Generally, a provider of virtual asset custody services or a VATP operator will need to be licensed under the VASP Act, once the licensing regime comes into force. Other virtual service providers will also generally be required to be registered. However, it is for CIMA to decide whether to direct that any VASP be licensed, or apply for a sandbox licence (as described below).
Enforcement
Under the VASP Act, a person that contravenes the registration requirement commits an offence and is liable on summary conviction to a fine of CI$25,000 and to imprisonment for one year and, in the case of a continuing offence after conviction, to a fine of CI$10,000 for each day during which the offence continues. An entity that contravenes the licensing requirement commits an offence and is liable on summary conviction to a fine of CI$100,000 and to imprisonment for one year and, in the case of a continuing offence, to a fine of CI$10,000 for each day during which the offence continues. In addition, CIMA has the power to impose additional fines for a breach of the VASP Act under an administrative fining regime, which includes imposing a fine of up to CI$1,000,000 on a corporate body in breach. CIMA’s Administrative Fines Regime contains detailed provisions on the fines regime and appeals processes.
Sandbox licence regime
Under the VASP Act there is the potential for the future introduction of a sandbox licence. A sandbox licence is a temporary (up to one year) licence that CIMA may direct a VASP to apply for where:
Certain FinTech service providers that are not VASPs may also apply for sandbox licences. However, they are not required to do so. The intention here, as with regulatory sandboxes more generally, is to provide a controlled environment for innovative service providers to evolve their businesses under CIMA’s supervision, while creating a forum for concurrent development and potential amendment of applicable rules. Although the sandbox regime is not in effect; it is currently under consultation
Anti-money laundering laws
The Cayman Islands Proceeds of Crime Act (2024 Revision) requires that entities that conduct “relevant financial business”, which includes providing a “virtual asset service”, must comply with the Cayman Islands Anti-Money Laundering Regulations (“AML Regulations”). As a result, persons carrying on “relevant financial business” are subject to the AML Regulations, whether or not they are registered with or licensed by CIMA (so this can include FinTech companies that are regulated and unregulated). The AML Regulations set out ongoing and detailed compliance requirements with respect to anti-money laundering, counter-terrorist and proliferation financing, and compliance with targeted financial sanctions. The AML Regulations also include specific requirements for entities undertaking “transfers of virtual assets” (i.e., the Travel Rule provisions related to cryptocurrency transfers). CIMA is responsible for supervising compliance with the AML Regulations and has helpfully published “Sector-Specific Guidance for Virtual Asset Service Providers”, to assist with the interpretation of these requirements in a virtual assets context.

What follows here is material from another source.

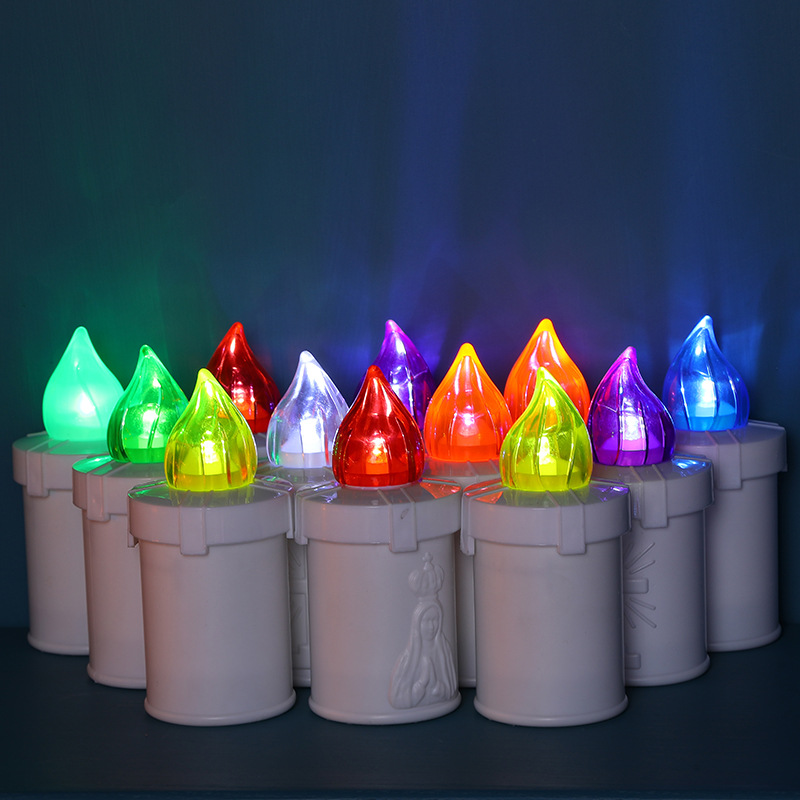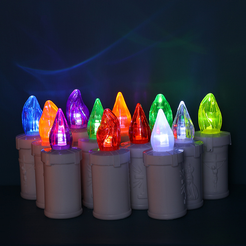 基督装饰电子蜡烛灯墓灯塑料装饰带盖LED蜡烛灯摆件红色仿真蜡烛

Securities investment business
The SIB Act provides for the registration and licensing of entities carrying on “securities investment business” including, among other entities: (a) any company or partnership that is incorporated, established or registered in the Cayman Islands that carries on “securities investment business”; or (b) any entity that has established a place of business in the Cayman Islands through which “securities investment business” is carried on.
The term “securities investment business” is specifically defined in the SIB Act as including a number of “regulated activities”, such as “dealing in securities”, “arranging deals in securities”, “management of securities” and “advising on securities” in the course of business (subject to exclusions for certain persons and certain activities). The term “securities” is further defined widely in the SIB Act and includes, in summary, shares, partnership interests, trust units, debt instruments, warrants, options, futures, contracts for differences (for example, cash-settled derivatives such as interest rate/stock index futures, forward rate agreements and swaps) and certain virtual assets.

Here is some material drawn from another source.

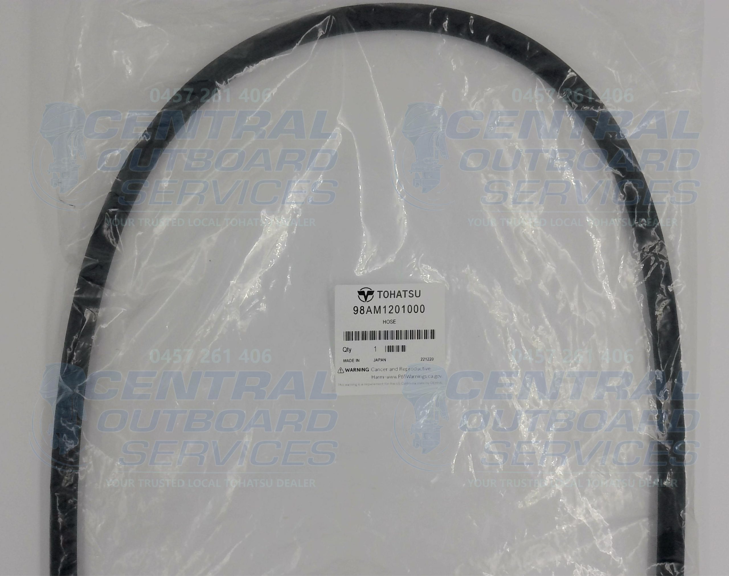 The 98AM1201000 rubber pipe is a genuine Tohatsu OEM hose (rubber pipe) used in various fuel or water routing applications in Tohatsu outboards.

For the purposes of the SIB Act, a “virtual asset” means a digital representation of value that can be digitally traded or transferred and can be used for payment or investment purposes but does not include a digital representation of fiat currencies. However, the SIB Act only applies to transferable virtual assets that can be converted into any of the traditional securities within the scope of the SIB Act or represent a derivative of any of those securities.

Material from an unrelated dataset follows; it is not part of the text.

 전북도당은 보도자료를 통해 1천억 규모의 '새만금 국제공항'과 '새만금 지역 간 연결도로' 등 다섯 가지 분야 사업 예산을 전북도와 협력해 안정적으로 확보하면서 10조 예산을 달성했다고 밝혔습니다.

Under the SIB Act, entities are prohibited from conducting securities investment business unless, in respect of such activity, the entity is either: (a) registered with, or licensed by, CIMA under the SIB Act; or (b) able to benefit from a specific exclusion in the SIB Act. Aside from the specific exclusions provided for in the SIB Act, there are no other exclusions (for example, reverse solicitation) available under Cayman Islands law for entities carrying on securities investment business.
Economic substance regime
The Cayman Islands operates an economic substance regime. The International Tax Co-operation (Economic Substance) Act (2020 Revision) (“the “Economic Substance Act”), is key to determining whether a relevant entity satisfies the economic substance test in respect of its relevant activities. A VASP may fall within the scope of the Economic Substance Act if it is carrying out one or more of the relevant activities. All applicable entities are required to submit an economic substance notification. A VASP will be required to satisfy the economic substance test set out in the Economic Substance Act if it is carrying out one or more of the relevant activities (unless an exemption applies). If so, the VASP is required to submit an annual report to the Tax Information Authority (and must submit an annual notification regardless of whether it is carrying out any relevant activity).
Data protection
The Cayman Islands also has data protection legislation, the Cayman Islands Data Protection Act (2019 Revision) (the “DPA”) which requires entities within the scope of the legislation to comply with the data protection principles defined in the legislation.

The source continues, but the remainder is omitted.